Your Zenduty-Prometheus integration setup is now complete

Prometheus fired a critical alert. Now what?

Whenever Zenduty receives a critical alert about a group or cluster or service from Prometheus via the AlertManager, Zenduty takes the alert and triggers an incident. When a “resolved” alert is sent from Prometheus, the incident is auto-resolved on Zenduty.

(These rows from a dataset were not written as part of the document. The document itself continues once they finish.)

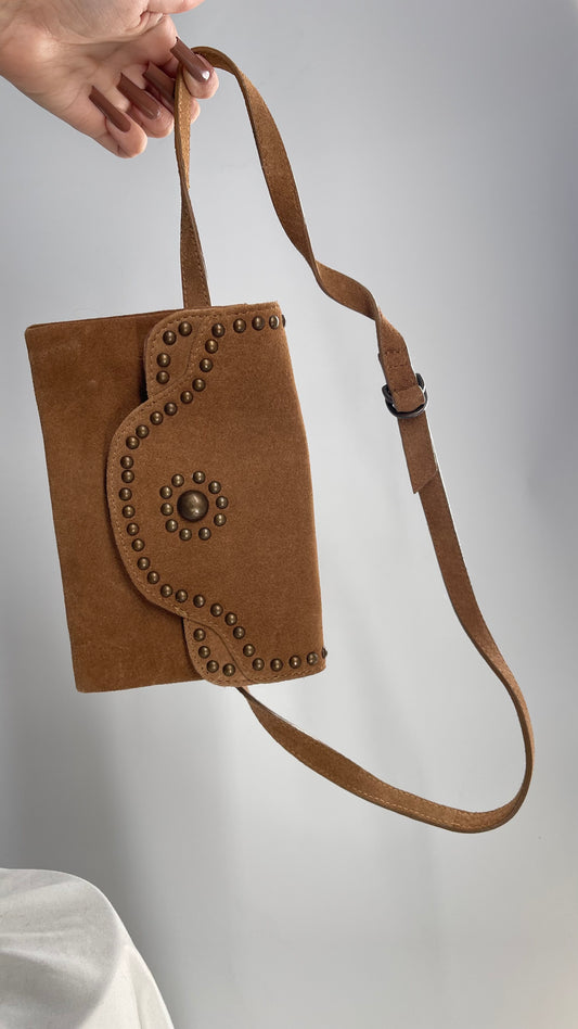 Free People Brown Suede Leather Studded Crossbody Fanny Pack Waist Bag
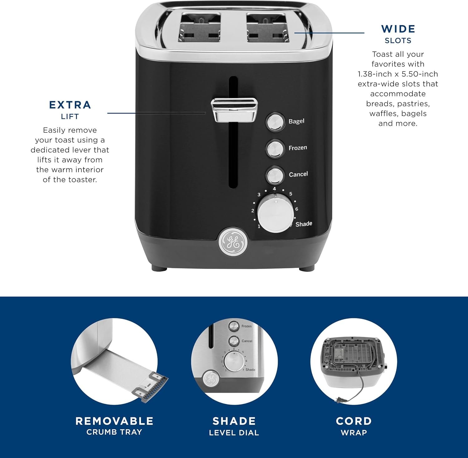 Many consumers have praised the GE 2 slice toaster’s extra wide slots and easy controls. The black stainless finish adds a touch of elegance, while 7 adjustable shade settings allow everyone in the family to enjoy their preferred toast darkness. According to GE, this model was designed for even heating and ease of cleaning, making it a reliable daily companion for breakfast and snack times.
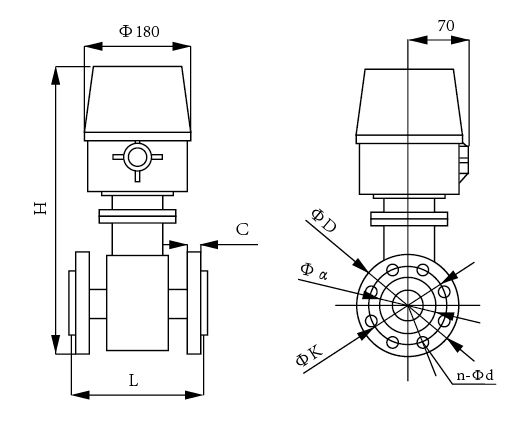 | DN | L(mm) | H | D | K | n-¢d | C | 重量 | 耐壓 | ||||||||||
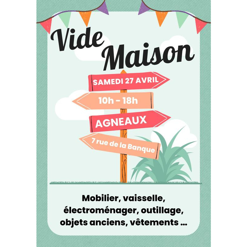 Vide maison : mobilier, vaisselle, électroménager, outillage, objets anciens, vêtements;
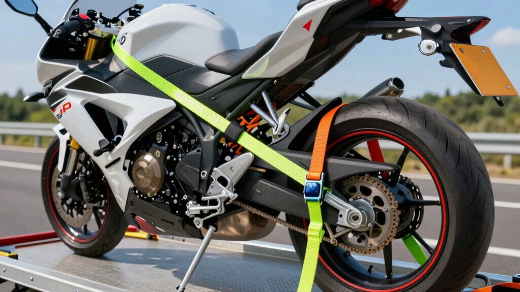 Think of securing your motorcycle like guarding the Crown Jewels—you want it tight but not crushed. I always check that straps are in good condition and securely attached to sturdy anchor points. I avoid over-tightening to prevent damage, and I double-check everything before hitting the road. Wearing gloves helps me get a firm grip, and I make certain the motorcycle is stable, so I avoid surprises during transit. Safety first!
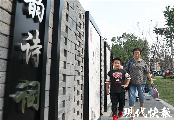 現(xiàn)代快報記者了解到,這處候?qū)W區(qū)原本是廢棄堆場,今秋新學(xué)期開學(xué)前剛建好,位于學(xué)校后門,面積大概3000平方米左右。這里綠草、花叢、樹木錯落,一道曲折的文化墻上,有古代文化名人的畫像和簡介,樹池新栽種了樹冠相對較大的樹種可以遮陰,一側(cè)還有充滿設(shè)計感的座椅。據(jù)悉,未來還會增設(shè)體育設(shè)施、多功能的合成墻等,讓候?qū)W區(qū)功能更多、更有趣味性。
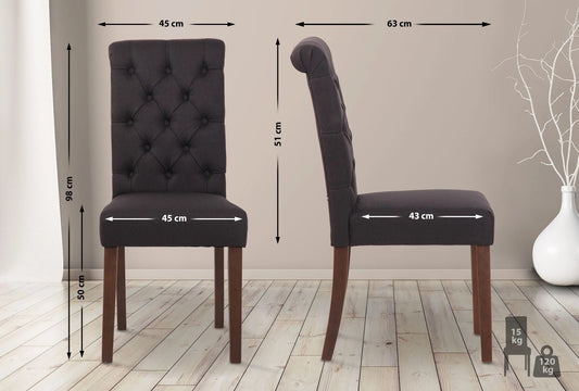 In And OutdoorMatch Eetkamerstoel Jason - Donkergrijs - Eetkamerstoel - Stof - Hoge kwaliteit bekleding - Stoel in antieke stijl - Luxe eetkamerstoel
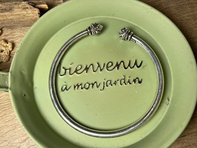 両端に花のつぼみのようなエスニックなデザインが施されたタイシルバーのバングル(ブレスレット)です。
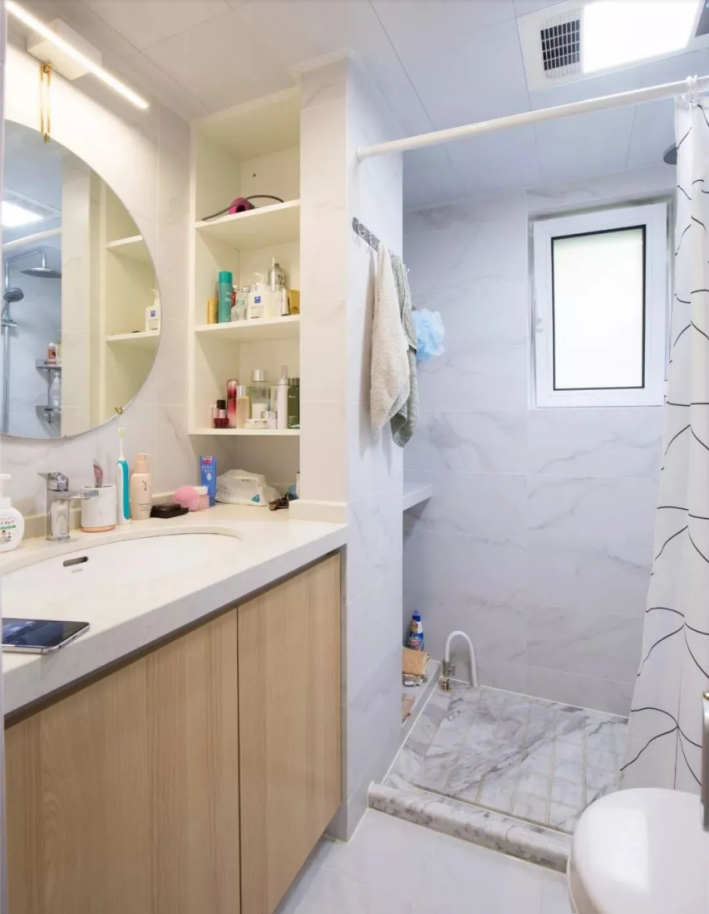 卫生间的面积并不大,但还在用浴帘和挡水条也能做到干湿分离。加上洗漱柜和壁龛之类的收纳设计,这样一来也就不缺储物空间了。
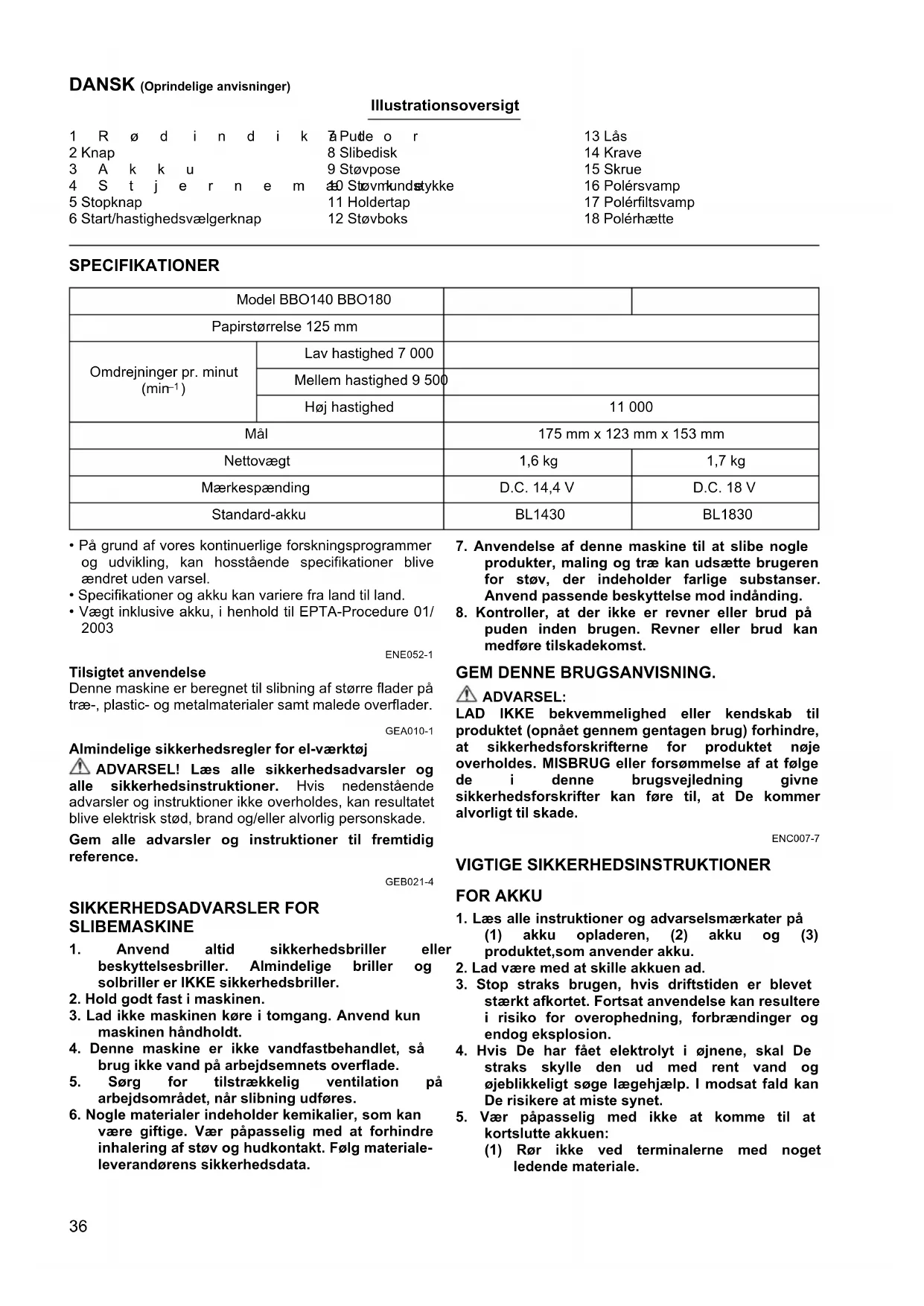 ENE052-1 Tilsigtet anvendelse Denne maskine er beregnet til slibning af større flader på træ-, plastic- og metalmaterialer samt malede overflader. GEA010-1 Almindelige sikkerhedsregler for el-værktøj ADVARSEL! Læs alle sikkerhedsadvarsler og alle sikkerhedsinstruktioner. Hvis nedenstående advarsler og instruktioner ikke overholdes, kan resultatet blive elektrisk stød, brand og/eller alvorlig personskade. Gem alle advarsler og instruktioner til fremtidig reference. GEB021-4 SIKKERHEDSADVARSLER FOR SLIBEMASKINE
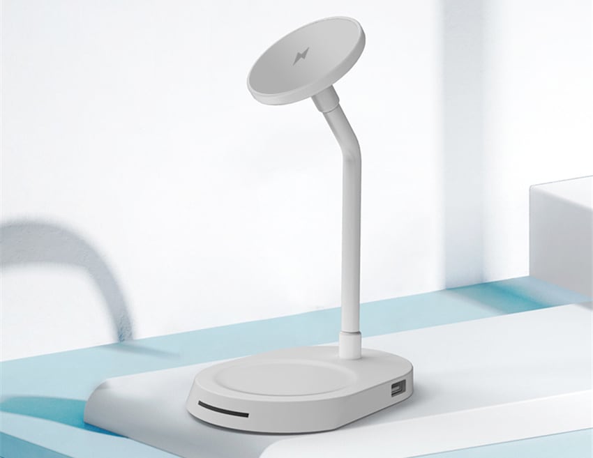 На площадке также установлена ножка с MagSafe для крепления iPhone 12 и 13, что очень редко встречается в бюджетных док-станциях. Крепление для смартфона вращается на 360 градусов.
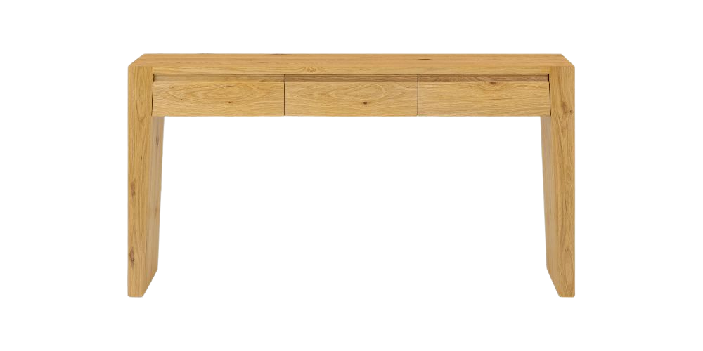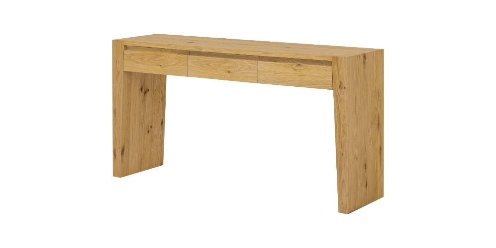 The Boston Console Table exudes an organic, timeless allure with its oversized scale and proportion, commanding attention as a striking focal point in any space. Showcasing an organic, knotty timber grain with natural splits, accentuated by a gentle wire brushed finish that adds tactility and uniqueness to each piece. Featuring a distinctive tapered leg that softly balances the overall visual weight, a chamfered table edge and integrated drawers pulls with soft close, our Boston Console Table offers both aesthetic appeal and practical convenience.
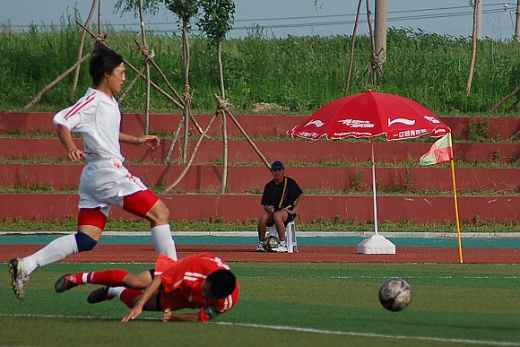 此后,袁微成了对方的紧盯热点,第25分钟,袁微带球突破,在禁区前沿再次被对方绊倒,对方防守队员被黄牌警告,我方获任意球机会。
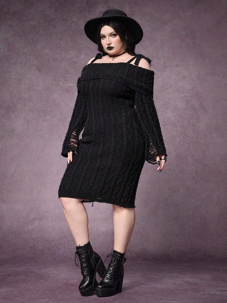 Goth 1pc Plus Size Women Shoulder Ripped Design Shoulder Strap Bodycon Dress/Winter
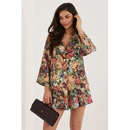 Elegantný dámsky blejzer s výnimočnou kvetinovou potlačou, ktorý dokonale spája klasiku s moderným štýlom. Je ideálny na rôzne príležitosti, vhodný do práce, na obchodné stretnutia a večierky, pričom dodáva outfitu ženský nádych. Strih krásne zvýrazňuje siluetu a jednoradové zapínanie na dva gombíky dodáva celku nadčasovú eleganciu. Široké rukávy s 3/4 dĺžkou prinášajú ľahkosť a jemný módny akcent. Model je vyrobený z kvalitnej zmesi polyesteru a elastanu, čo zaručuje pohodlie pri nosení a dobré prispôsobenie sa siluete. Blejzer má podšívku, ktorá zvyšuje komfort nosenia a vďaka ktorej dokonale prilieha na telo.

When an incident is in the triggered state, Zenduty executes the service’s escalation policy and starts alerting the users through their defined notification channels as they appear within the escalation policy. If a user does not acknowledge within a specified period of time, Zenduty alerts the next users within the escalation policy.

Comms

Zenduty automatically creates the comms channels for the incidents. You can setup outgoing integrations within tools like Slack, Teams, Zoom, Jira, Statuspage, etc. When an incident is triggered or updated, Zenduty can automatically:

  1. Send the incident alerts to a Slack channel
  2. Send the incident alerts to a Microsoft Teams channel
  3. Create a dedicated Zoom/Hangouts link for real-time audio/video conference call around the incident
  4. Create a two-way mapped Jira ticket
  5. Update your Statuspage

Advanced incident response - Roles and Tasks

Zenduty provides your incident responders with a high-level overview of the problem along with relevant contextual information and updates on the progress of any incident. Whenever an incident is triggered in Zenduty, the on-call engineer, after receiving the page, may acknowledge the incident and then claim the incident commander or ask someone else to take command. Incident managers can also enable recursive separation of roles and responsibilities to enable effective and scalable task delegation during a critical incident. The incident commander after having added the relevant responders and subject matter experts, can then invite those responders to take up specific roles, assign tasks to those roles and update the incident status on the go. Zenduty also allows you to import existing runbooks and playbooks as specific incident sub-tasks which can be tracked within the incident Tasks section.

Zenduty’s deep integrations with Slack and Microsoft Teams gives your teams the ability to manage the entire incident within your favorite team communication platforms.